BEGIN Data segment

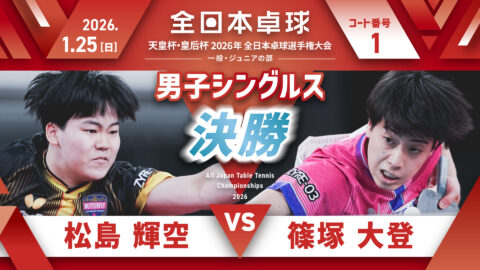 【見逃し配信】2026年全日本卓球選手権大会【6日目:1/25】:男子シングルス決勝 松島輝空 vs 篠塚大登(コートNo. 01)
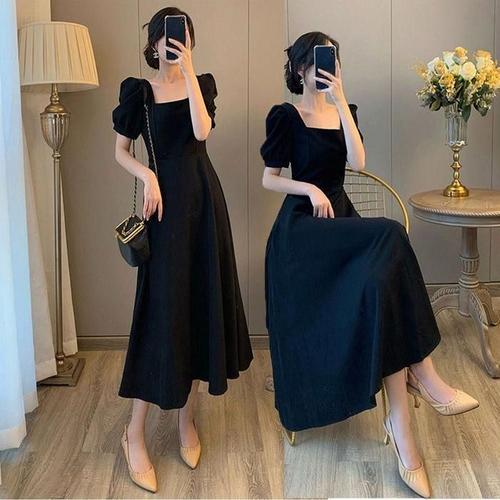 [라일리여성의류] Rly 퍼프 롱 스퀘어넥 하객룩 여자 원피스 블랙 반팔
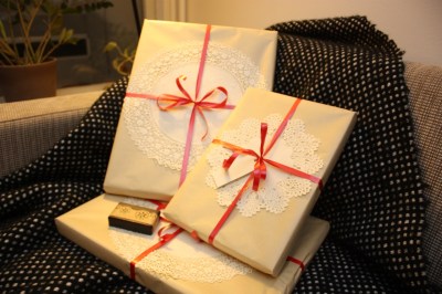Lahjojen paketointi aiheuttaa ainakin minulle päänvaivaa. Jotenkin se paperi aina ryttääntyy ja paketista tulee epämääräinen möhkäle vaikka lähtökohta olisi kuinka symmetrinen pakkaus tahansa. Tänä vuonna koitin tsempata pakettien kanssa.
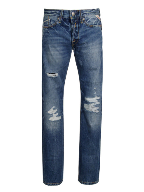Description Regular classic five pocket style jeans. Slim hips with regular leg. Slightly faded and worn with distressed effect. Button fly. Colour: Medium blue denim.

END Data segment

● **The task**: Retype all the data exactly; skip the pictures.

● **Result**:
 【見逃し配信】2026年全日本卓球選手権大会【6日目:1/25】:男子シングルス決勝 松島輝空 vs 篠塚大登(コートNo. 01)
 [라일리여성의류] Rly 퍼프 롱 스퀘어넥 하객룩 여자 원피스 블랙 반팔
Lahjojen paketointi aiheuttaa ainakin minulle päänvaivaa. Jotenkin se paperi aina ryttääntyy ja paketista tulee epämääräinen möhkäle vaikka lähtökohta olisi kuinka symmetrinen pakkaus tahansa. Tänä vuonna koitin tsempata pakettien kanssa.
Description Regular classic five pocket style jeans. Slim hips with regular leg. Slightly faded and worn with distressed effect. Button fly. Colour: Medium blue denim.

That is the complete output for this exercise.